==== Supplied records

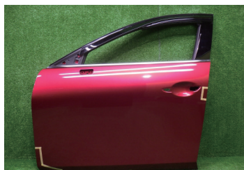
マツダ3 ファストバック(5D)
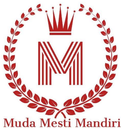
Gambar 2. 1 Logo PT. Muda Mesti Mandiri

Gambar 2.1 PT. Muda Mesti Mandiri merupakan perusahaan yang berdiri sejak tahun 2018 dan berada di daerah Jakarta Utara yaitu Workspace Building Lt.1, Unit C20, Jl. Pluit Indah. Perusahaan ini bergerak dalam bidang import yaitu menjadi produsen barang-barang dari luar negeri dan PT. Muda Mesti Mandiri sudah menjalin kerja sama yang baik dengan perusahaan di luar negeri yaitu Singapore dan akan menjalin kerja sama lagi dengan perusahaan yang ada di negara Thailand dan Jepang untuk kedepannya.
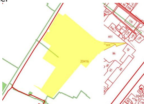
Рисунок – Конфигурация земельного участка

1. Земельный участок с кадастровым номером 26:21:020416:906, расположенный по адресу: Ставропольский край, город Буденновск, ул. Строительная, площадью 121 484 кв. м., категория Земли населённых пунктов, вид разрешенного использования - под промышленное предприятие.
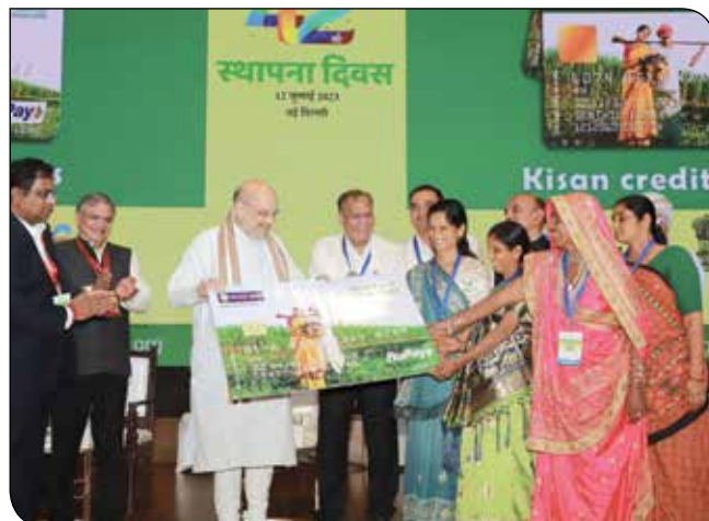
नई दिल्ली में 19 जुलाई, 2023 को नाबार्ड के 42वें स्थापना दिवस पर माइक्रो एटीएम और 'रुपे किसान क्रेडिट कार्ड' वितरित करते केंद्रीय गृह एवं सहकारिता मंत्री श्री अमित शाह

========

Required action =
Transcribe only the lines above that start at the line containing "Gambar 2.1 PT." and end at the line containing "Рисунок – Конфигурация земельного участка". Omit pictures.

Finished task =
Gambar 2.1 PT. Muda Mesti Mandiri merupakan perusahaan yang berdiri sejak tahun 2018 dan berada di daerah Jakarta Utara yaitu Workspace Building Lt.1, Unit C20, Jl. Pluit Indah. Perusahaan ini bergerak dalam bidang import yaitu menjadi produsen barang-barang dari luar negeri dan PT. Muda Mesti Mandiri sudah menjalin kerja sama yang baik dengan perusahaan di luar negeri yaitu Singapore dan akan menjalin kerja sama lagi dengan perusahaan yang ada di negara Thailand dan Jepang untuk kedepannya.
Рисунок – Конфигурация земельного участка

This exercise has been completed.